DSA2

David Shaw dshaw at jabberwocky.com
Tue Oct 17 14:41:18 CEST 2006


On Tue, Oct 17, 2006 at 12:59:54PM +0200, Lionel Elie Mamane wrote:

> > This is not correct.  No DSA signatures in OpenPGP, whether v3 or
> > v4, have a hash firewall.
> 
> I got that idea from this language in the RFC:
> 
>                             A V4 signature hashes the packet body
>  starting from its first field, the version number, through the end of
>  the hashed subpacket data. Thus, the fields hashed are the signature
>  version, the signature type, the public key algorithm, the hash
>  algorithm, the hashed subpacket length, and the hashed subpacket
>  body.
> 
> Doesn't the fact that the they hash algorithm identifier is hashed
> into what is DSA-signed establish a hash firewall?

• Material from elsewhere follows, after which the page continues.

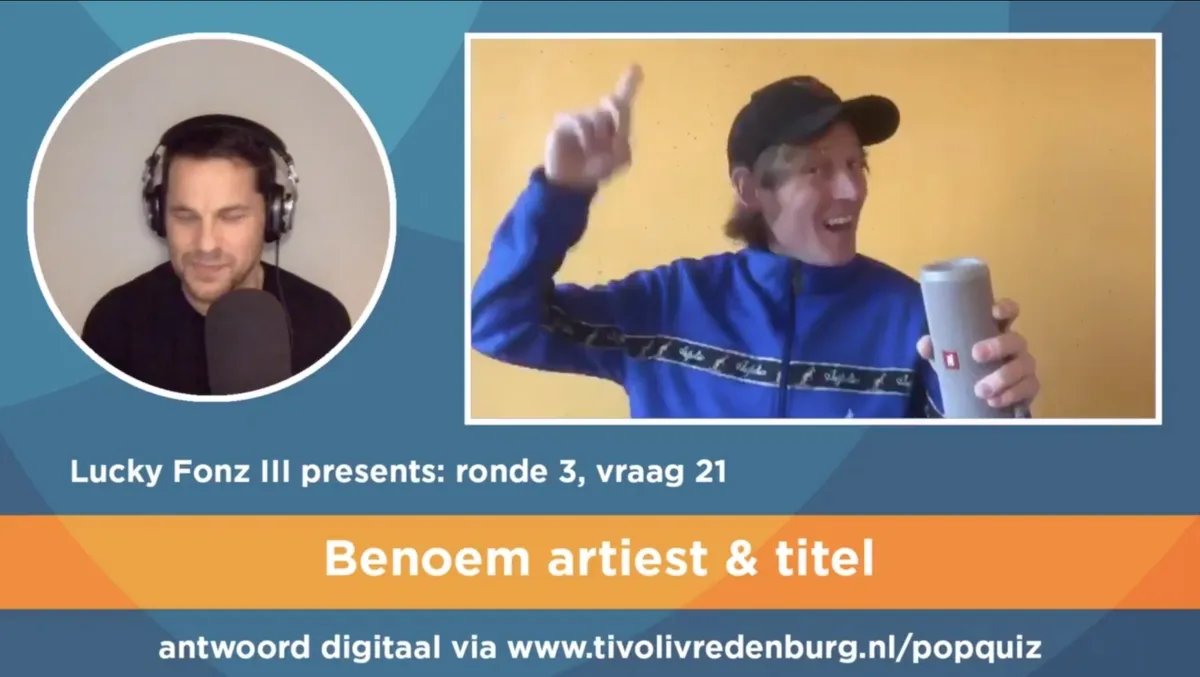 Hoe werkt die popquiz? Het enige wat je hoeft te doen is een team vormen, de stream bekijken op de TivoliVredenburg-site en de Google-formulieren die bij de stream staan namens je team invullen. De quiz heeft vijf rondes, en die bestaan niet alleen maar uit plaatjes raden. In ronde één moet je al een nummer linken aan een Nederlands popfestival, en het niveau is soms best pittig. St. Paul laat ‘Everywhere’ van Fleetwoord Mac horen, en vervolgens moeten de deelnemers de link leggen naar het Terschellingse festival Oerol. Want: ‘everywhere’ vertaald naar het Nederlands is ‘overal’, en ‘Oerol’ is dan weer de Terschellingse vertaling van ‘overal’. Snap je?

No.  That puts the hash algorithm inside the document being hashed.
If the hash is broken, then that's the worst place for the identifier
to be :)

What DSA does is (more or less):
  DSA( Hash( Identifier + document ) )

What RSA, with its hash firewall does is (again, more or less):
  RSA( Identifier + Hash( document ) )

Note that the identifier is present outside of the hash in the
material given to the RSA algorithm (it's actually present inside the
hash as well, but that's not relevant here).  If the hash is broken,
that doesn't impact the identifier that isn't in the hash.